### [Activity]
From the line with "灼熱の汗なのか冷や汗なのかわ" to the line with "Cora to elastyczna", retype each line exactly as it stands in the records below, but skip the pictures.

━━━ Dataset entries ━━━

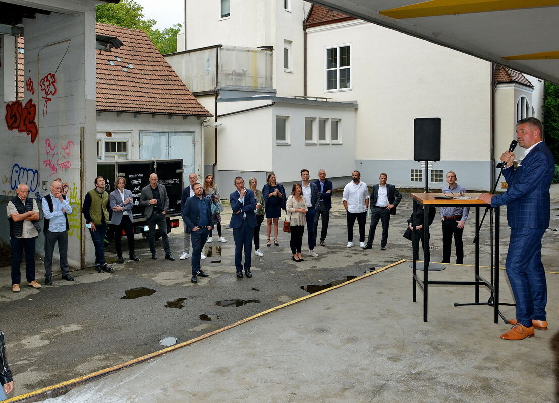 GIEAG-Vorstand Thomas Männel (rechts) informierte bei der Vernissage auch über den aktuellen Stand der Planung. FOTOS: NIETHAMMER
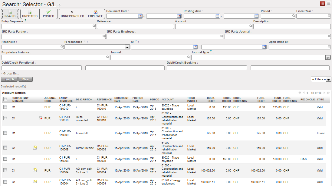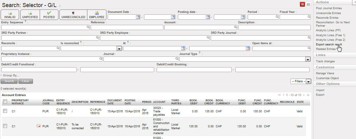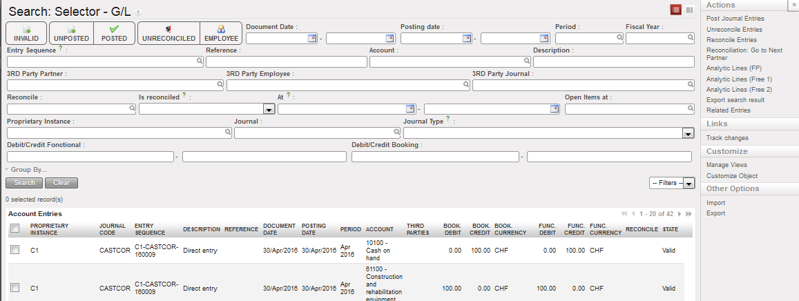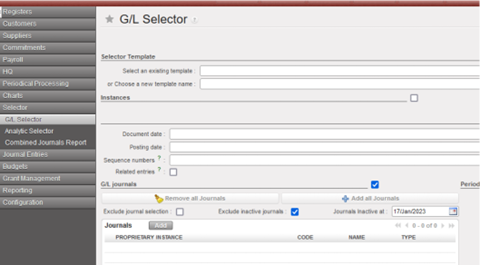 The G/L Selector is a tool to search Journal items when you need to use multiple or complex criteria that cannot be easily done in Journal Items. You can use it for the following actions once the Search G/L selector was performed:
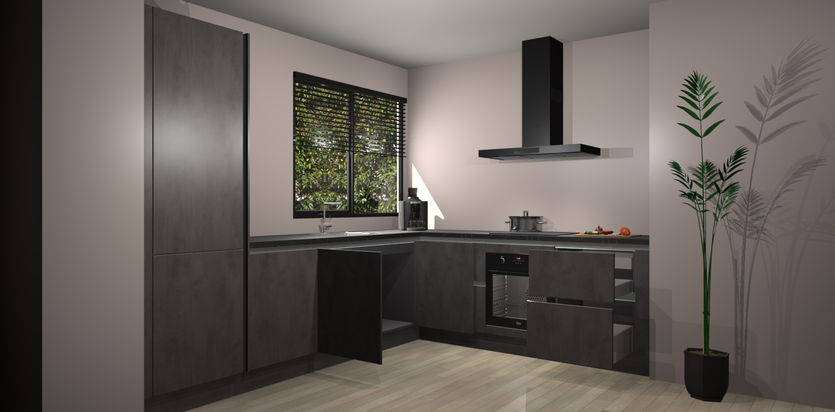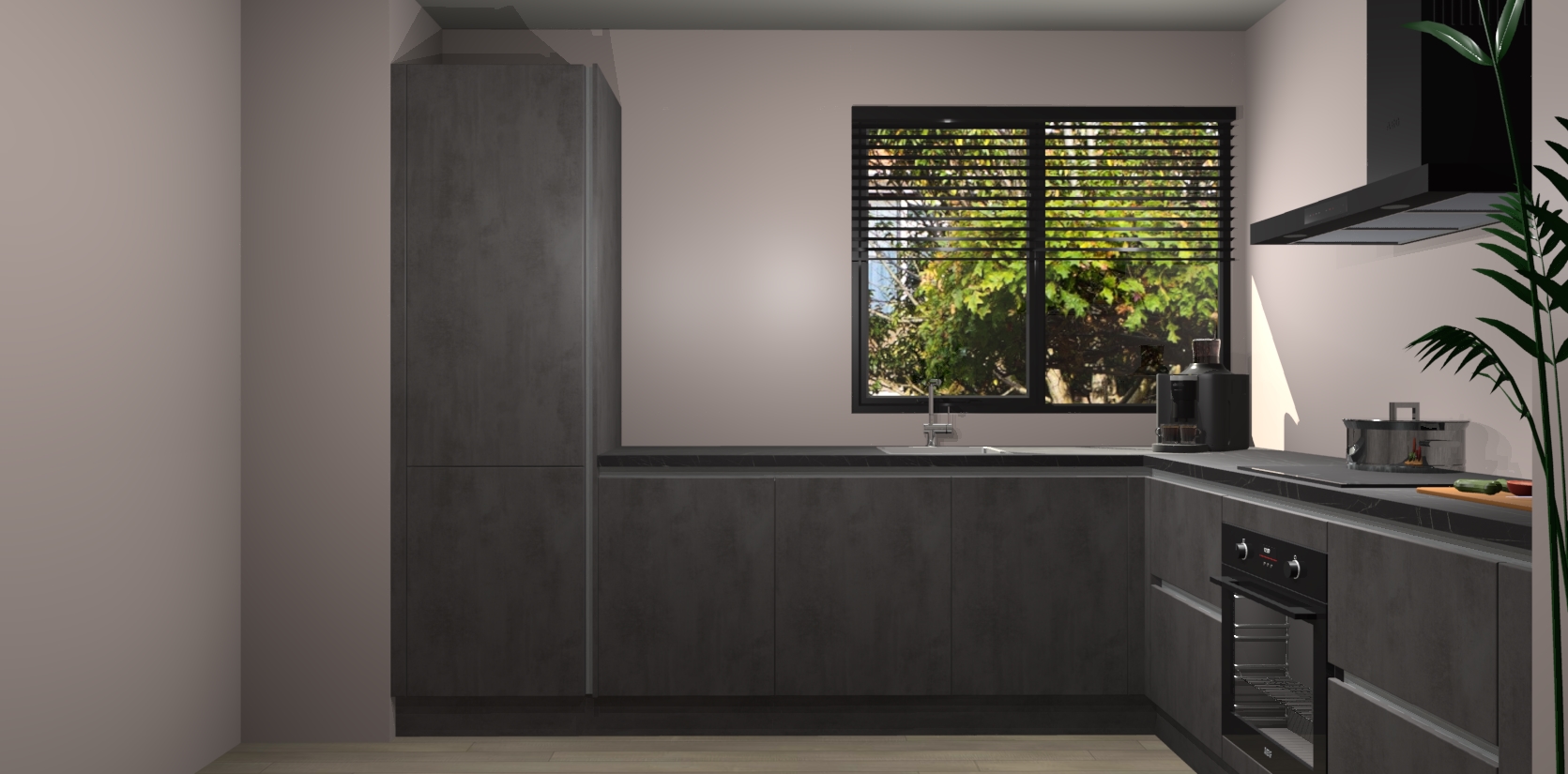 Wij presenteren de revolutie in keukens: de Beton Antraciet greeploze keuken Benidorm. Met modern design, een tijdloos uiterlijk en kasten die al voor gemonteerd worden geleverd, laat deze stijlvolle keuken uw kookervaring op een hele nieuwe manier transformeren.
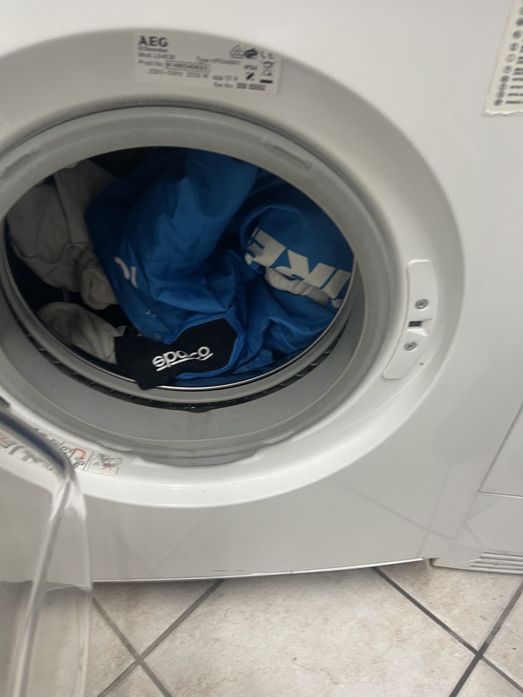 灼熱の汗なのか冷や汗なのかわからないけれど、じっとりと湿ったスーツをカラッと干すのは気持ちいいですね。T社ガレージの洗濯機をお借りしてジャズジャブウォッシングね。
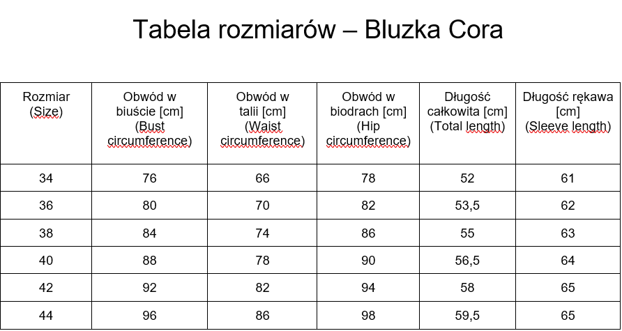 Cora to elastyczna bluzka z dzianiny, która subtelnie zbiera sylwetkę, tworząc kobiecą linię talii. Marszczenia na wysokości ramion płynnie przechodzą w delikatne wymarszczenia w talii, nadając bluzce nowoczesny, nieoczywisty fason.
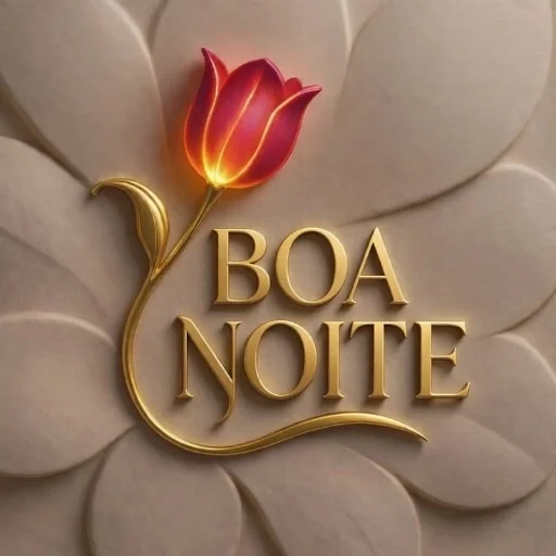 Uma flor vermelha com detalhes em amarelo e laranja emerge de um caule dourado, acompanhada das palavras 'BOA NOITE' em letras douradas.
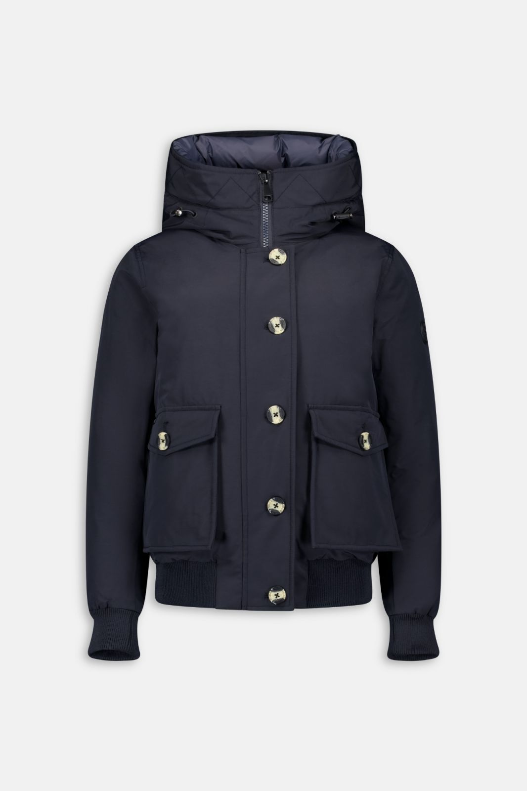 De 4 Pocket Bomber is een nieuwe jas binnen de Airforce collectie. Het is een kort model met een elastieke band aan de onderkant, wat zorgt voor meer warmte en comfort. De jas heeft 4 zakken aan de voorkant waarvan twee zakken af te sluiten zijn met drukknopen en twee zakken met een grote knoop. De Bomber jacket is voorzien van een capuchon die strakker getrokken kan worden en op de linkermouw zit een Airforce logo badge.
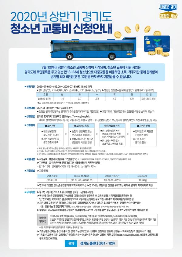 경기도는 ‘2020년도 상반기 청소년 교통비 지원사업’의 신청접수를 오는 7월 1일부터 시행한다고 밝혔다.
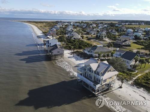 FILE - Water laps the bottom level of four homes in Harbor Island, S.C., Saturday, Oct. 30, 2021, which had to be abandoned after years of beach erosion and damage from Hurricane Matthew in 2016. Facing state budgets that are flush with cash, Democratic and Republican governors alike want to spend part of their windfalls on projects aimed at slowing climate change and guarding against its consequences, from floods and fires to cleaning up dirty air. (AP Photo/Rebecca Blackwell, File) FILE PHOTO
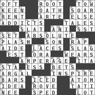 ACROSS 1. Often (poetically) 4. Carrot, for example 8. Pull behind 11. Peachy ____! 13. Pledge 14. Fly high 15. Monthly bill 16. Johnson of "Laugh-In" 17. Otherwise 18. Inveterate users 21. Stories 22. Narrow board 23. Black tropical American cuckoo 25. Fast jet (abbr.) 26. Arrange properly for use 29. Utter; complete 32. Suffix with ecto or cyto 34. Manchild 35. Hit sharply and swiftly 38. Helper 39. Shoestrings 41. Volcanic refuse 43. Eastern Standard Time (abbr.) 44. Mouth or opening 45. Erodes 46. Electrical Measurement 50. Call ___ day 51. R.R. building 54. Double-curved letter 55. Stakes 57. Therefore, facetiously 59. Heighten or intensify 63. Taverns 64. On the rocks 67. Smallest unit of an element 68. The content of cognition 69. Be footloose 70. Jacques of French films 71. Born 72. Hurried 73. Car dealer's back yard DOWN 1. Gumbo ingredient 2. Nourish 3. Look after 4. Ridicules or criticizes harshly 5. Boat paddle 6. Baseball player Mel 7. Definite Article 8. For Whom the Bell _____ 9. Fertile tracts in a desert 10. Take or capture by force 12. Nuclear Threat Initiatives 14. Ocean 19. Burrowing marine mollusk 20. Bar bill 21. Teat (slang) 23. _ vera 24. Religious women 26. Health resort 27. Writer Wiesel 28. Small boys 30. Motion picture award 31. Celtic language 33. Stalk of a moss capsule 36. Jai _ 37. Component 39. Chops off 40. Ancient Greek god of war 42. Girls' org. (abbr.) 45. Soaks 47. Cartoonist voice _ Blanc 48. Remained 49. Commissioned military rank (abbr.) 51. Unit of acoustic absorption 52. Buy and sell 53. Match 56. Argument over a trivial matter 58. White ___ sheet 60. Slanted text style (abbr.) 61. Printing process, for short 62. Send forth 64. Big collection agency 65. Police officer (slang) 66. First lady
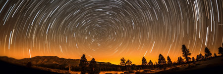 aa movement of stars in the night sky with the view of mountains.
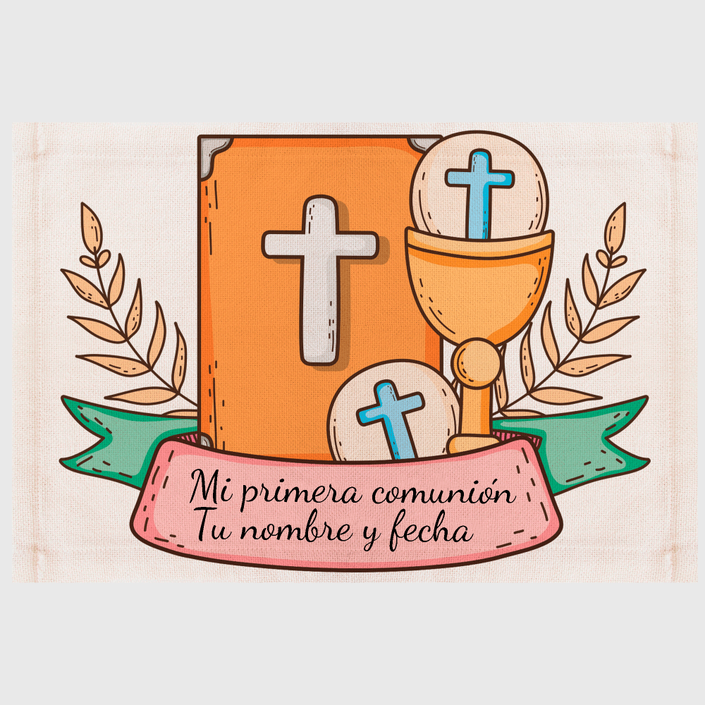 Este mantel lo puedes personalizar con el nombre y la fecha de la comunión. Indícanos en los comentarios el nombre y/o fecha que quieras que imprimamos. Si no nos indicas nada, imprimiremos solo la ilustración.
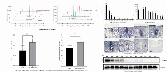 体外酶功能验证结果表明Crc1,6RhaT蛋白可以催化橙皮苷和柚皮芸香苷的合成。Crc1,6RhaT在茶枝柑叶中的瞬时过表达结果显示,当Crc1,6RhaT的表达量上升,橙皮苷的相对含量也有显著提高。原位杂交组织特异性以及Crc1,6RhaT在基因和蛋白表达水平的变化与橙皮苷的相对含量在时空变化规律上的一致性,指出Crc1,6RhaT在调控茶枝柑果实中橙皮苷的合成具有重要作用。
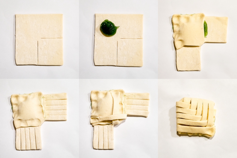- Viillä kaksi viiltoa kahden vierekkäisen sivun keskeltä lähes taikinaneliön keskikohtaan asti.
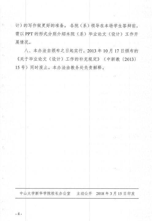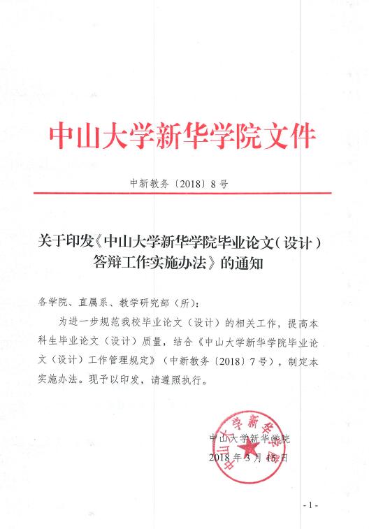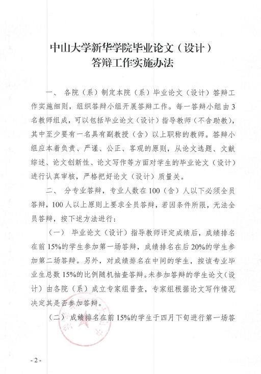 关于印发《中山大学新华学院毕业论文(设计)答辩工作实施办法》的通知
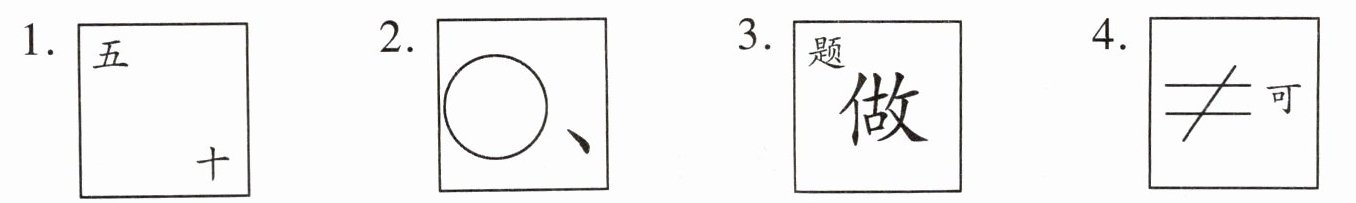 第四幅图中,“非”字和“可”字中间有一道斜线,表示“非”和“可”不能按照常规组合,可联想到成语“非同小可”,指情况严重或事情重要,不能轻视。

━━━

### [Task result]
 灼熱の汗なのか冷や汗なのかわからないけれど、じっとりと湿ったスーツをカラッと干すのは気持ちいいですね。T社ガレージの洗濯機をお借りしてジャズジャブウォッシングね。
 Cora to elastyczna bluzka z dzianiny, która subtelnie zbiera sylwetkę, tworząc kobiecą linię talii. Marszczenia na wysokości ramion płynnie przechodzą w delikatne wymarszczenia w talii, nadając bluzce nowoczesny, nieoczywisty fason.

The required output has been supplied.